Clear Decision

rated PG

A/n: Hi. Brief wondering on the Spidey 2 movie got this. Reviews are courteous.

I want to tell you something, MJ. I want to tell you, everything now. It's not as simple as you think - I wish it was, and there'd be nothing to tell, and I could have seen your show, and walked you home… I could ask you - But I can't. So I'll write this, what you'll never know; and you'll never be hurt, because of this, you'll never be hurt because of me.

Night in the city is dark, MJ. Heavy, clinging, hiding shadows in its light, hiding pain in its darkness. It's not the same as night in the suburbs, or night on the sea. Here it's violent, night-terror, garish, always moving -darkness that crouches in filthy alleys, night that shatters in people's screams. Wailing, the sirens flash down the streets, store-lights glower into grey shade and the stars in the black above are erased by the shadows underneath.

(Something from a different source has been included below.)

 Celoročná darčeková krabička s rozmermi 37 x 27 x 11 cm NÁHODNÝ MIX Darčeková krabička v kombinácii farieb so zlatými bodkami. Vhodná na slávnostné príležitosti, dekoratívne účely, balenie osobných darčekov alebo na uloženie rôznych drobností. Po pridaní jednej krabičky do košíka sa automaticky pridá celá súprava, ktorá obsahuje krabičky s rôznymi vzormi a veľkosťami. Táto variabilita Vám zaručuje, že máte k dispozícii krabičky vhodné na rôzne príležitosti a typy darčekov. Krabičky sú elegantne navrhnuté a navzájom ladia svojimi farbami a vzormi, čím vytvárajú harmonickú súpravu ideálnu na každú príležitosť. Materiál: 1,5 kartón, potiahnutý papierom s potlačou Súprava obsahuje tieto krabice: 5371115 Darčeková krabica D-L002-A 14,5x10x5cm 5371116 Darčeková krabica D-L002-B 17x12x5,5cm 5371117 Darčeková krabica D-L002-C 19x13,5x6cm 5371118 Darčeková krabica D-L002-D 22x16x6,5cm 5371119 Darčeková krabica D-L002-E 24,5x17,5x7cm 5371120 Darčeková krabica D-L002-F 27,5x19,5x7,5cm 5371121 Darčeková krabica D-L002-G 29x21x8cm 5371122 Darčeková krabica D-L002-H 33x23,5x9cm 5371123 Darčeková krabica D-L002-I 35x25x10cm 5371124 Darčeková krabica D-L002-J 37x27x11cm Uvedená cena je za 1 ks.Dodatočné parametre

And now I feel, somehow, that I'm part of it. Can you see how it is? I'm not the thug on the corner. I'm not the guy waiting to rape you in the dark. But even so, I'm part of it, trapped in its web unable to escape. I can't go back.

You know that feel at a party sometimes? All the people, surrounding, making noise, but you couldn't be more alone… Maybe you don't know it. No one could ignore you, Mary-Jane, no one ever really has. But when they don't ... Well at a party, they knock into you; no one sees, no one cares. There's all the light, and you feel like you might as well be on a cliff, a million miles away.

It's the same in both worlds. They hate me here, in the shadows, because I bring them to light. But in the light, no one knows me. You can't know me. No matter how hard I try, it's not enough. In the dark, I'm a mask, a shadow, a name…and in the light, I'm a face, without a name, without a being. I'm two people, and I can't be one.

I'm sorry, MJ, that I didn't make it. I came, I swear I did - I wanted to see you so much. I know you were great, you always are.

Does the sky watch me and laugh? Me, this no one everyone thinks they know… Or someone no one knows at all. Is God there, watching? What am I? MJ, I want you to know me. I want you to know who I am, where, when, forever. But I'm going backwards, saying what I haven't said.

I called...the pay-phone cut me off. I tried to say. I said. But you couldn't hear; and I can't tell you. Someday maybe, it'll all be changed; you can hear the story...the story of this. The Amazing Spider-man...and Peter Parker. It's sounds pretty funny, doesn't it? Peter Parker --Spider-man; the kid you knew next-door and the crime-fighting freak who saved you in the alley. Spidey and Pete. And me - Who am I...?

I don't know.

I know this is a mess MJ - I know I can't say it right - I know you can't read it. I don't know what to do; I can't be there. I don't even know what I'm doing now. I'm trying to do the right thing, Mary-Jane; I wish it didn't hurt so much. I love you; I'll always be here, watching; I'll always be here to help you. I'll always...

MJ, honest, I don't know what I'll always do. I don't know what's going to happen, I don't know what's going on. I can't do this, all of it. I can't be anyone - am I no one? It stops sometimes; sometimes I stop and for a second - I can't see. I'm lost, somewhere, inside - I don't know. I'm falling to pieces...Spider-man's dying...I'm tired, and sick of everything. Aunt May's going to lose the house...I lost my job. Can you see how it is? Can you see why it's like this? I wish you could, MJ, I wish someone could. Because I can't manage it. I can't see. I don't know how it works!

I want it to stop - I can't do it both ways - I can't do it at all when I don't know what I'm doing. I want it to end. I just want to be there, for you, for Aunt May... I want to manage college without sleeping during the lectures. I want it to end.

I want it to end.

The paper fluttered in a cool brush of night air. It pulled from the young man's grasp, and he watched it distantly, curl and slide to the floor. Settling, it remained still, scarred by the smudged pen-marks and scattered, desperate words, bent and crumpled by anxious hands and thought.

The young man gazed down at it, eyes ringed by shadows and dull in grey dusk. He watched without presence, without thought, mind far-away, hopeless indecision mingled with vague grief empty in his pale expression. Behind, the closet remained untidily open....the shadow of the limp suit - silvery-webbed in last light - swayed and turned on the floor, casting lazily into the dusky light. The young man's eyes fell, stirring as if waking from a dream. He turned his hands, gazing wonderingly at his wrists. The paper crackled, twisted in another weak wind.

"Spider-man's dying..."

The uncertain gaze hardened. The words on the paper danced, rough and plain on their white floor. 'Spiderman's dying...'

"Dying."

The young man rose abruptly. Clear decision drove grief and despair flying from his weary gaze.

"Spider-man." he shook his head. "I'm Spider-man no more."